Depuis le début de l’année, les marchés obligataires internationaux ont été très volatils sous l’effet de la persistance d’une l’inflation élevée, de la résilience de l’économie mondiale puis, en raison du mouvement de fuite vers les valeurs refuges provoqué par les turbulences bancaires aux Etats-Unis et en Europe.
Dans ce contexte, l’indice J.P. Morgan EMBI Global Diversified Composite affiche, entre le 30 décembre 2022 et le 31 mai 2023, une performance de +1,82% versus +2,35% (Source : Bloomberg) pour les emprunts d’Etats américains. Bien que la performance de la dette émergente libellée en dollar soit relativement modeste par rapport à d’autres classes d’actifs risqués, il convient de souligner sa résilience lors des faillites de banques régionales américaines.

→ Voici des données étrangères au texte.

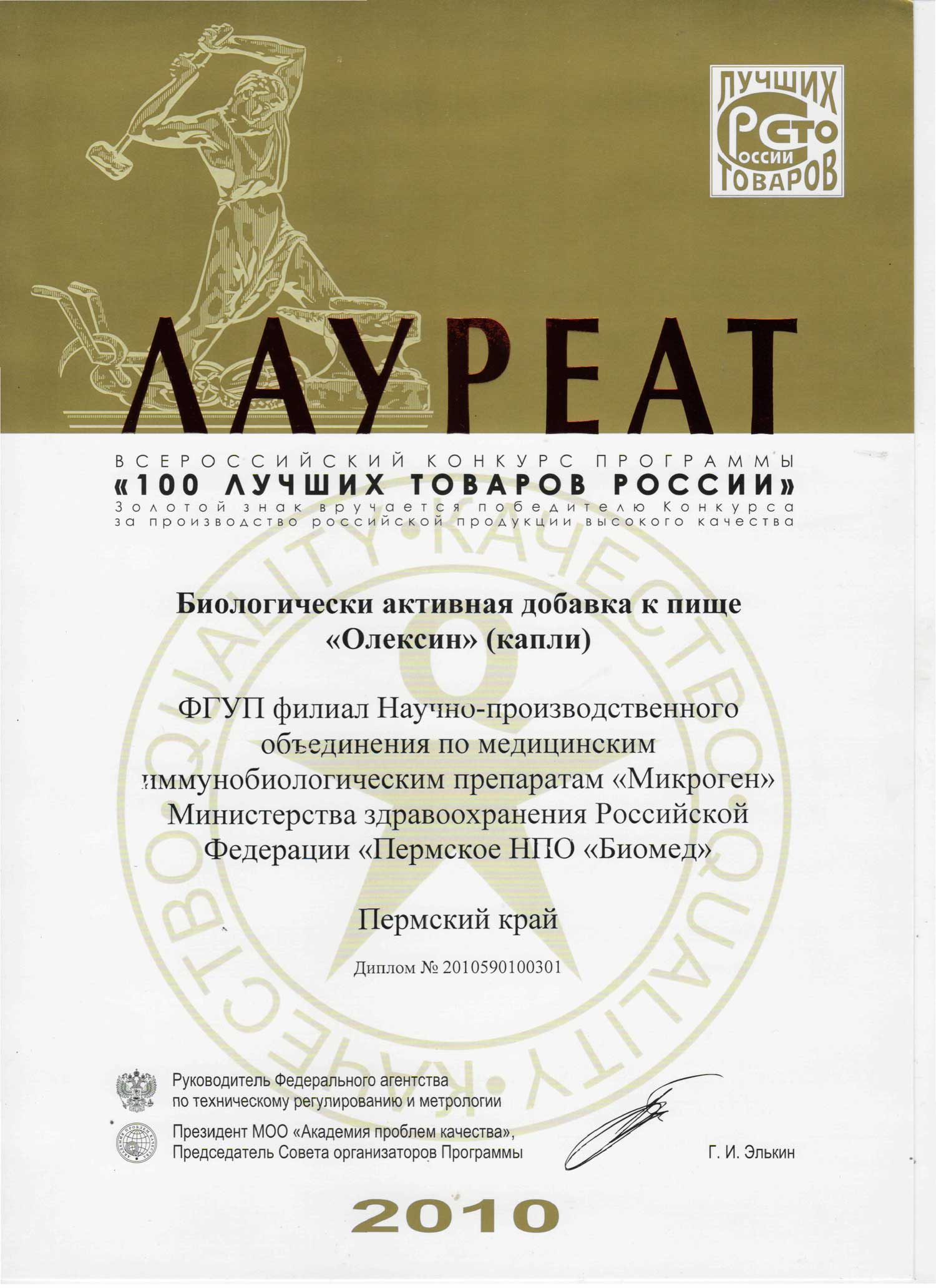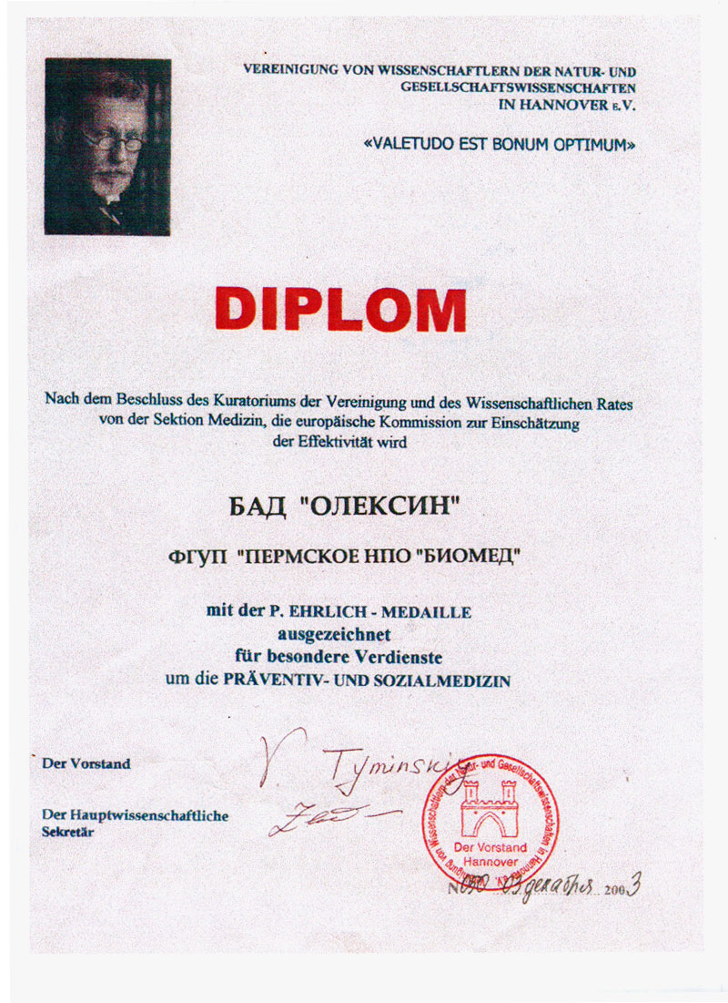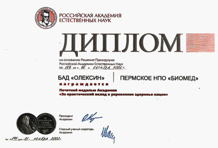 | Диплом Мечникова | Диплом Пауля Эрлиха | | | | В 2010 году «Олексин» стал лауреатом конкурса «100 ЛУЧШИХ ТОВАРОВ РОССИИ» Подробнее | | | |

Nous restons constructifs sur les obligations émergentes pour trois principales raisons :
- Les primes de risques sont globalement généreuses (477 bp versus 370 bp pour la moyenne historique 10 ans) mais reflètent les risques associés à cet investissement ainsi que les défis à relever par de nombreux pays émergents (dépendance aux énergies fossiles, infrastructures insuffisantes, problèmes de gouvernance, augmentation de la dette post-Covid).
- Sur la courbe des taux américaine, nous pensons que l’essentiel du mouvement de hausse des taux est terminé et nous adoptons un biais positif sur la duration. Compte tenu du niveau d’inversion de la courbe (-76 bp entre les taux 2 ans et 10 ans), nous mettons en place des stratégies satellites de pentification.

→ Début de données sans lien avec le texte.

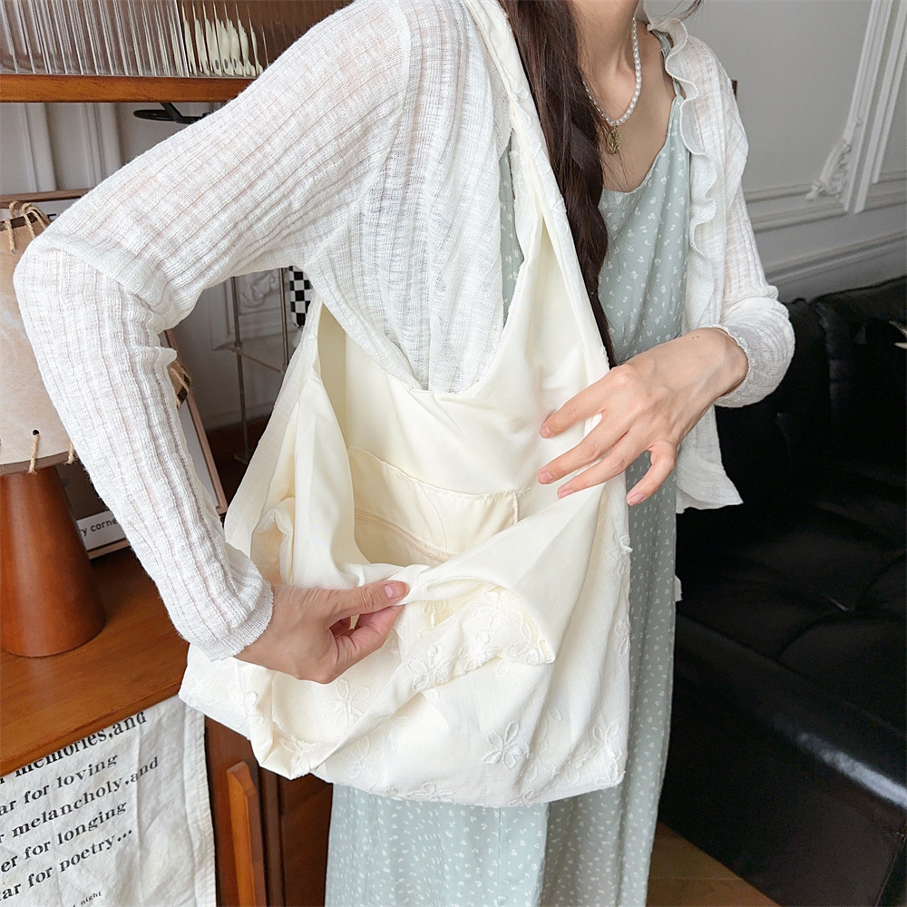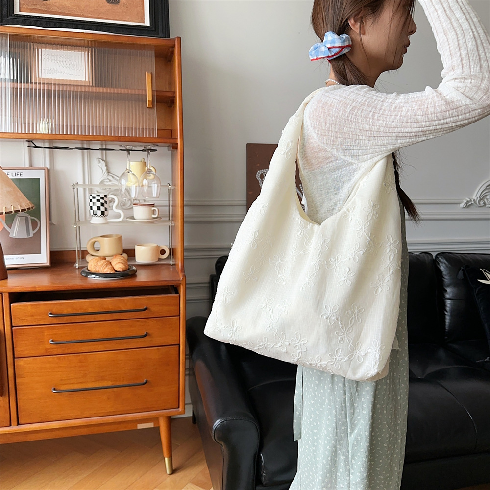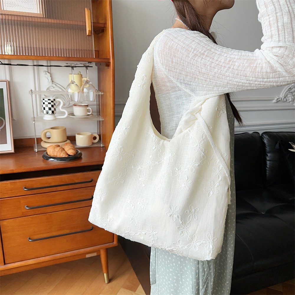 軽やかなシフォン風素材に小花刺繍をちりばめた、春夏コーデにぴったりのワンショルダーバッグ。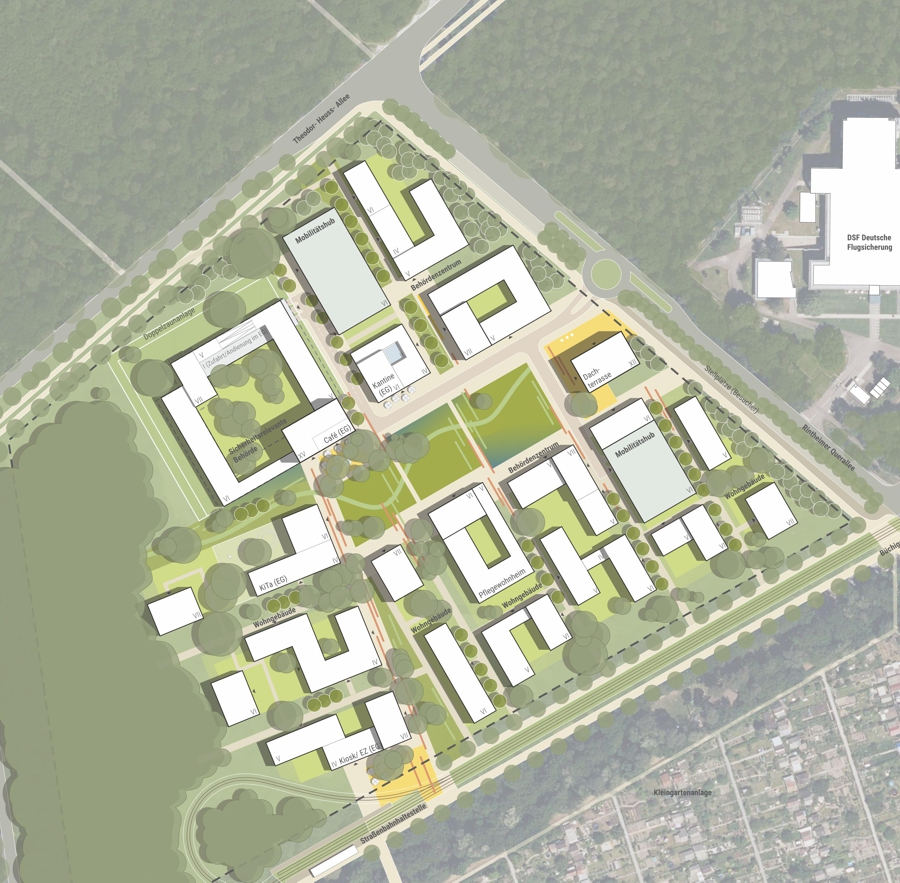 In Zusammenarbeit mit: AAg Loebner Schäfer Weber BDA Freie Architekten GmbH; GDLA Gornik Denkel Landschaftsarchitektur PartGmbb, Heidelberg; Durth Roos Consulting GmbH (Verkehrsplanung), Darmstadt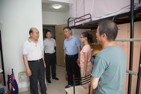 9日下午,校领导及中层干部还走访了学生公寓,热情地向大家问好,同学们脸上挂满了灿烂的笑容,公寓内弥漫着温馨而愉快的气氛。每走进一间新生宿舍,校领导都会仔细察看学生们的生活环境,与大家亲切交谈,询问同学们“来自哪里”“来到上海生活是否适应”,并叮嘱同学们如果在校遇到生活或学习上的困难,要及时向宿舍工作人员和辅导员老师反映,学校定会尽力满足同学们的需求,让同学们来到工商外就像在自己的家里一样温暖。慰问新生的过程中,校领导还实地察看了生活用水、洗衣房、卫生间等生活设施情况,并嘱咐后勤人员务必要加强安全隐患排查,为学生的安全保驾护航,为他们提供良好的学习生活环境。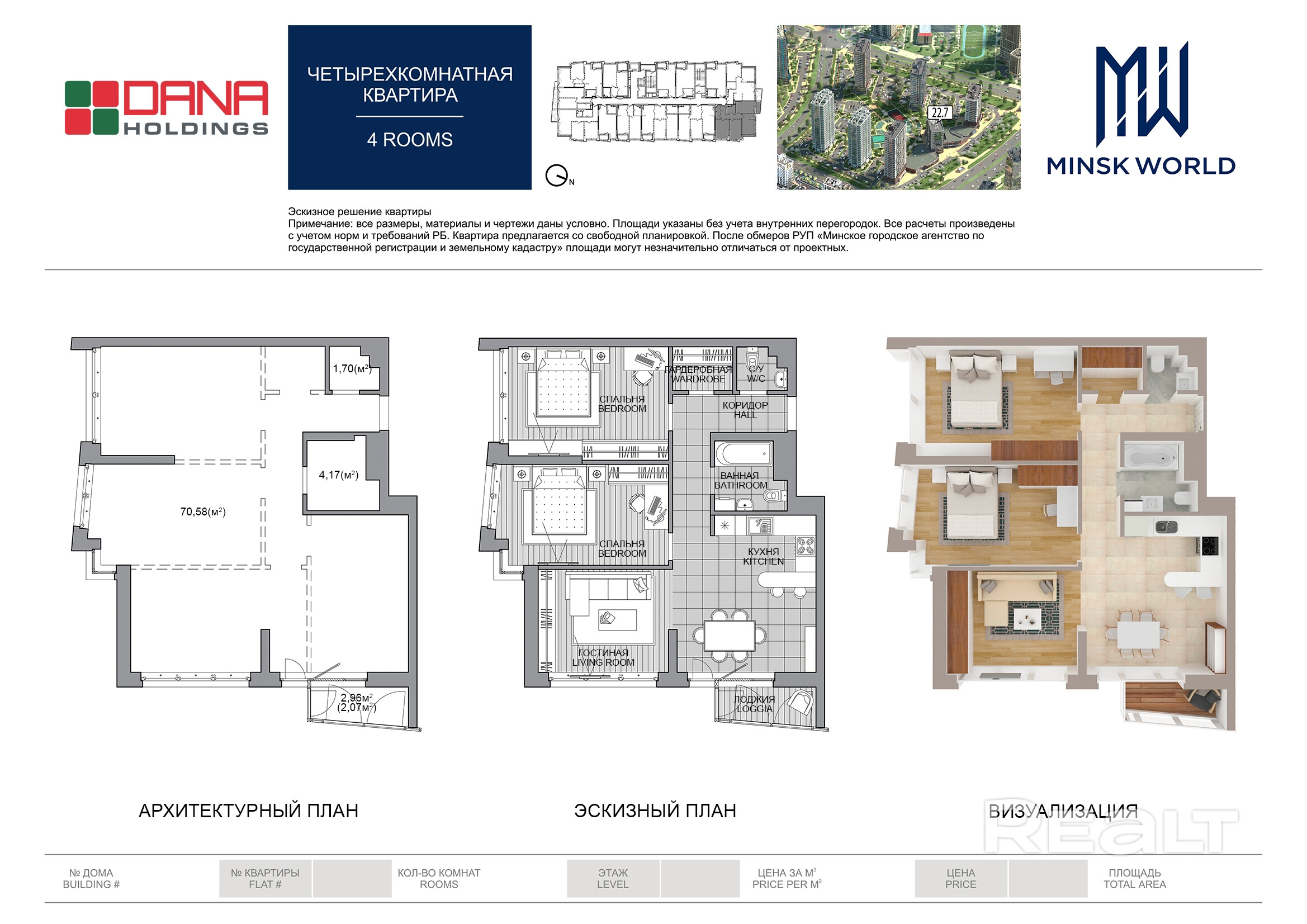 Квартира 34 в Минск Мир / Дом 22.7, площадью 78 кв.м.

- En Chine, les mesures accommodantes des autorités monétaires et l’abandon de la politique 0-Covid devraient continuer de favoriser les pays émergents exportateurs nets de matières premières même si les publications macroéconomiques chinoises récentes montrent un essoufflement de la dynamique économique.
En termes d’allocation géographique, nous sommes prudemment investis, voire à l’écart, sur les pays émergents présentant un profil économique ou financier trop fragile, particulièrement les pays qui ont une dette extérieure élevée, dans un contexte durable de taux d’intérêt américains plus élevés, et sur ceux dont les perspectives de croissance sont faibles.

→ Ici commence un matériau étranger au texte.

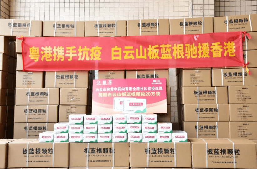 为应对香港第五波疫情,白云山和黄中药火速安排捐赠事宜,加班加点“抢”时间,生产白云山板蓝根,以支持香港抗疫。白云山和黄中药相关负责人表示,专车装载的20万袋白云山板蓝根颗粒等药品和防控物资将在抵港后迅速送往防疫前线。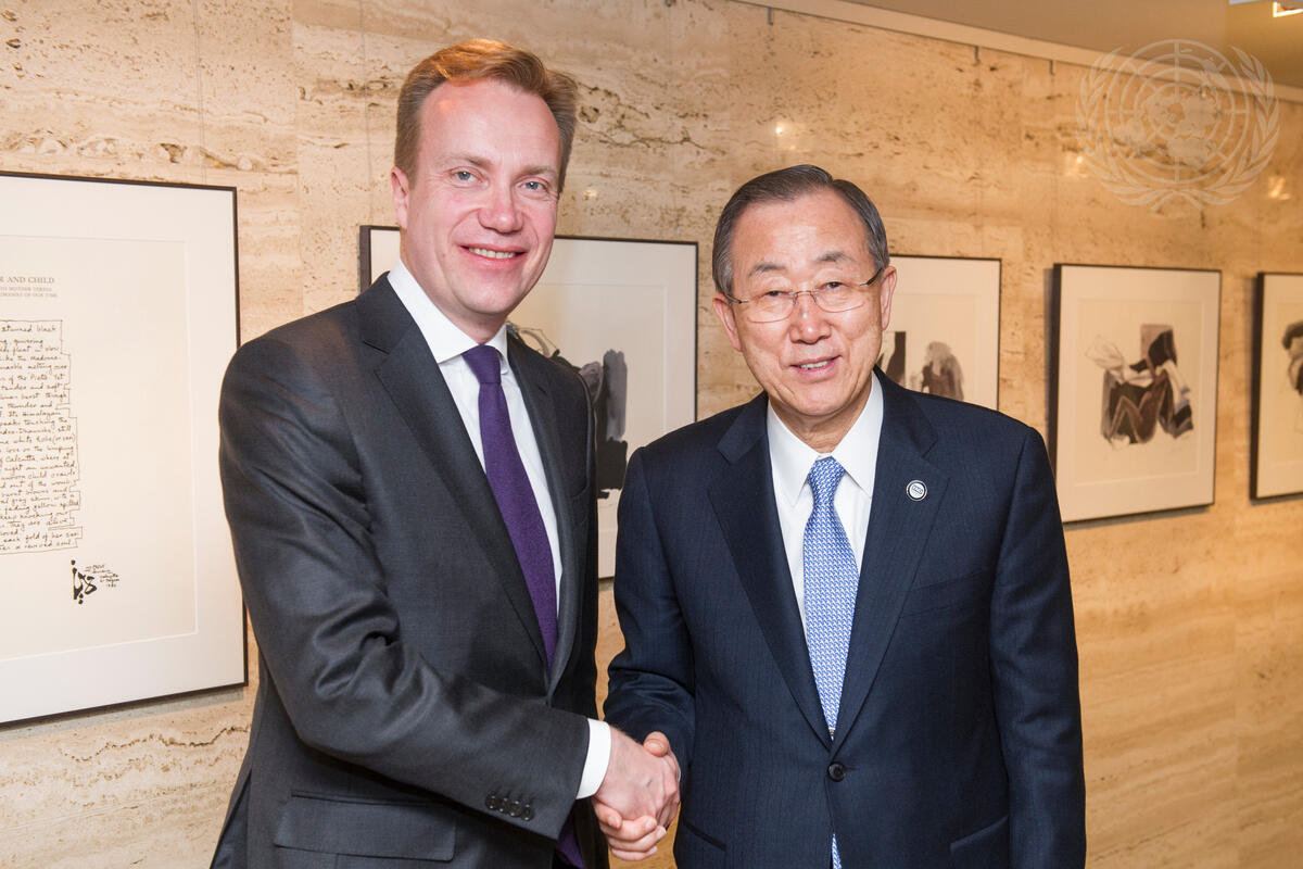 Secretary-General Ban Ki-moon (right) meets with Børge Brende, Minister for Foreign Affairs of Norway, in Washington, DC.

Nous discriminons également les pays émergents selon deux critères économiques : exportateurs ou importateurs nets de matières premières énergétiques et agricoles, stock de dettes et d’actifs extérieurs. Nous privilégions les pays émergents exportateurs nets de matières premières et ceux qui sont créditeurs extérieurs nets.
Nous sommes, par ailleurs, très attentifs au risque politique qui caractérise certains pays émergents comme la Chine (risque de conflit avec Taïwan, sanctions économiques américaines, risque de troubles sociaux), le Brésil (instabilité politique), l’Arabie Saoudite (rapprochement avec la Russie), Israël (arrivée d’extrémistes au gouvernement, risque de conflit avec l’Iran).
Le filtrage de l’univers d’investissement par notre pôle d’analyse de Finance Responsable et Durable est également prépondérant dans nos choix d’allocations stratégiques.
Lors de l’implémentation des portefeuilles ayant une poche émergente, ces différents filtres nous amènent actuellement à sous-pondérer, voire à faire des impasses, sur de grands pays émergents notamment, l’Egypte, la Chine, l’Inde, le Pakistan et le Sri Lanka malgré leurs pondérations élevées dans les benchmarks.
Au global, nous considérons que les facteurs techniques sont favorables. D’une part, la remontée des taux américains est en très grande partie opérée et, d’autre part, le niveau des spreads des souverains émergents est attractif. A court terme, la fragmentation géoéconomique offre des opportunités aux exportateurs de matières premières et aux pays les mieux positionnés sur les chaînes de valeur mondiale. Ces éléments devraient soutenir les flux en faveur de la classe d’actifs ainsi que sa valorisation.